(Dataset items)

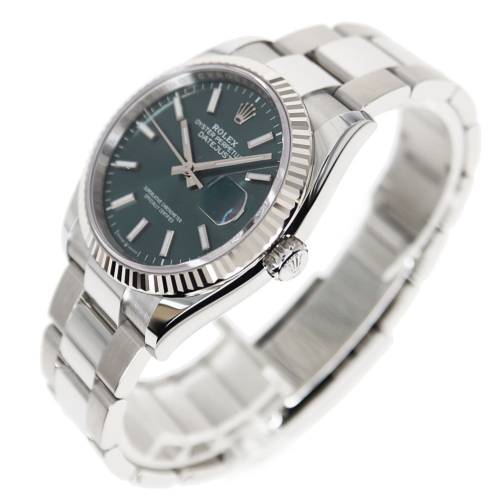 | 商品説明 | ROLEX【ロレックス】 126234 デイトジャスト36 紹介です。 ロレックスの中でも人気の高いデイトジャスト。 目を引くミントグリーンに美しいサンレイ仕上げが映えるあらゆるシーンで華やかかつシンプルに輝く仕様のデイトジャスト。 1945年に登場してから流行に左右されないデザインで愛され続けているモデルの現行モデルです。 重量感もあり着け心地も抜群です。
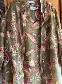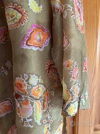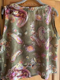 Top e camicia in seta vintage (anni '90) fantasia paisley su sfondo verde. Il top è senza maniche, la camicia invece ha maniche lunghe, colletto alla coreana e spacchetti ai lati. Entrambi leggerissimi, molto belli.
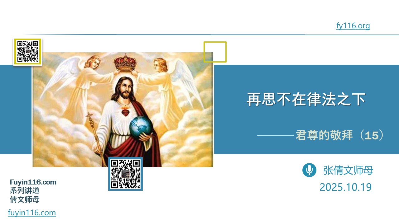 使徒保罗说“你们不在律法之下,乃在恩典之下”。 这节经文,其意涵到底是什么? 上帝赐下律法,其目的到底是什么? 福音与律法的本质区别,到底是什么?   愿上帝的祝福借着祂的真道,更多地临到每一个认真聆听的灵魂。 欢迎您收听: 《再思不在律法之下》 本文链接(若有朋友在微信里打不开本文,可以把下面的链接发给他,在浏览器里打开): https://fuyinradio.org/fx2f 您也可以点击下面的链接,重温之前的信息: 《君尊的敬拜系列》 ⚠️⚠️⚠️ 注意 ⚠️⚠️⚠️ 鼓励大家在手机浏览器或电脑浏览器…
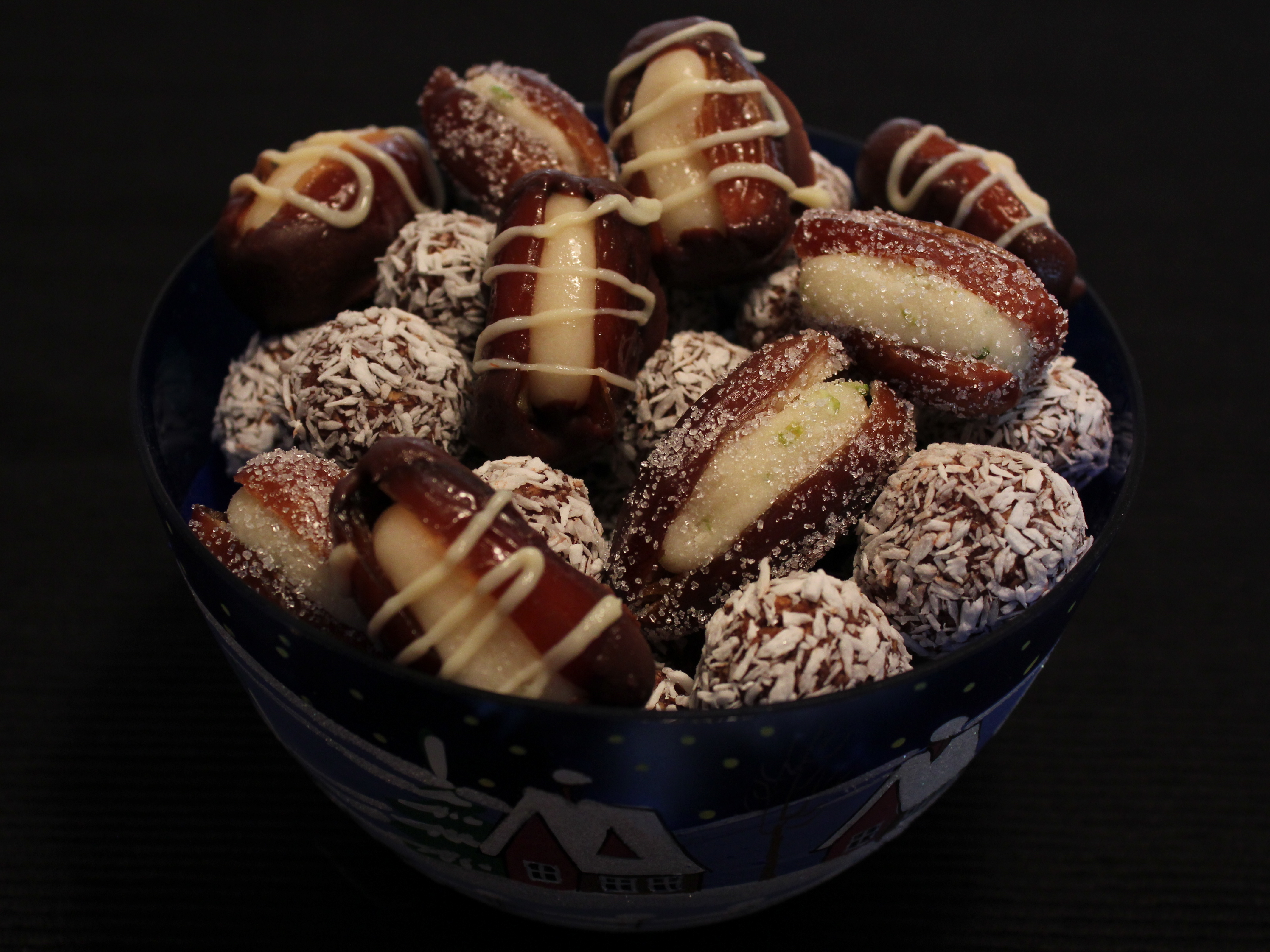 Það eru mörg ár síðan ég byrjaði að gera konfekt fyrir jólin. Ef ég man rétt þá var það jafnvel áður en ég flutti að heiman 🙂 Hvaða konfekt ég hef gert hefur verið mismunandi á milli ára. Þó er einn moli sem ég geri alltaf og það er döðlu-marsipan hjúpað með súkkulaði, ég komst reyndar ekki í að gera hann fyrr en á milli jóla og nýárs núna í ár en hann var gerður engu að síður.
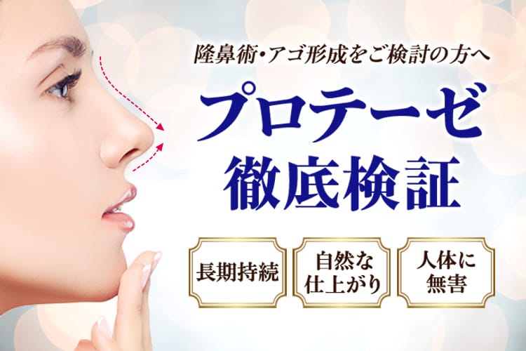 プロテーゼとは、シリコンでできた医療用の人工軟骨のことで、鼻やアゴに挿入することで鼻に高さを出したり、アゴの形を整える役目を果たします。
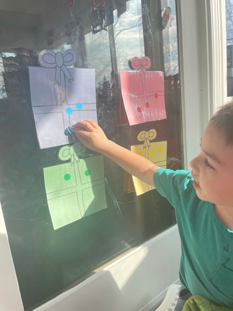 Color sorting with stickers and Christmas presents! Works on color recognition AND sensory needs!

Goal of the exercise: Please transcribe each entry exactly and exclude any image it contains.

Answer section:
 | 商品説明 | ROLEX【ロレックス】 126234 デイトジャスト36 紹介です。 ロレックスの中でも人気の高いデイトジャスト。 目を引くミントグリーンに美しいサンレイ仕上げが映えるあらゆるシーンで華やかかつシンプルに輝く仕様のデイトジャスト。 1945年に登場してから流行に左右されないデザインで愛され続けているモデルの現行モデルです。 重量感もあり着け心地も抜群です。
 Top e camicia in seta vintage (anni '90) fantasia paisley su sfondo verde. Il top è senza maniche, la camicia invece ha maniche lunghe, colletto alla coreana e spacchetti ai lati. Entrambi leggerissimi, molto belli.
 使徒保罗说“你们不在律法之下,乃在恩典之下”。 这节经文,其意涵到底是什么? 上帝赐下律法,其目的到底是什么? 福音与律法的本质区别,到底是什么?   愿上帝的祝福借着祂的真道,更多地临到每一个认真聆听的灵魂。 欢迎您收听: 《再思不在律法之下》 本文链接(若有朋友在微信里打不开本文,可以把下面的链接发给他,在浏览器里打开): https://fuyinradio.org/fx2f 您也可以点击下面的链接,重温之前的信息: 《君尊的敬拜系列》 ⚠️⚠️⚠️ 注意 ⚠️⚠️⚠️ 鼓励大家在手机浏览器或电脑浏览器…
 Það eru mörg ár síðan ég byrjaði að gera konfekt fyrir jólin. Ef ég man rétt þá var það jafnvel áður en ég flutti að heiman 🙂 Hvaða konfekt ég hef gert hefur verið mismunandi á milli ára. Þó er einn moli sem ég geri alltaf og það er döðlu-marsipan hjúpað með súkkulaði, ég komst reyndar ekki í að gera hann fyrr en á milli jóla og nýárs núna í ár en hann var gerður engu að síður.
 プロテーゼとは、シリコンでできた医療用の人工軟骨のことで、鼻やアゴに挿入することで鼻に高さを出したり、アゴの形を整える役目を果たします。
 Color sorting with stickers and Christmas presents! Works on color recognition AND sensory needs!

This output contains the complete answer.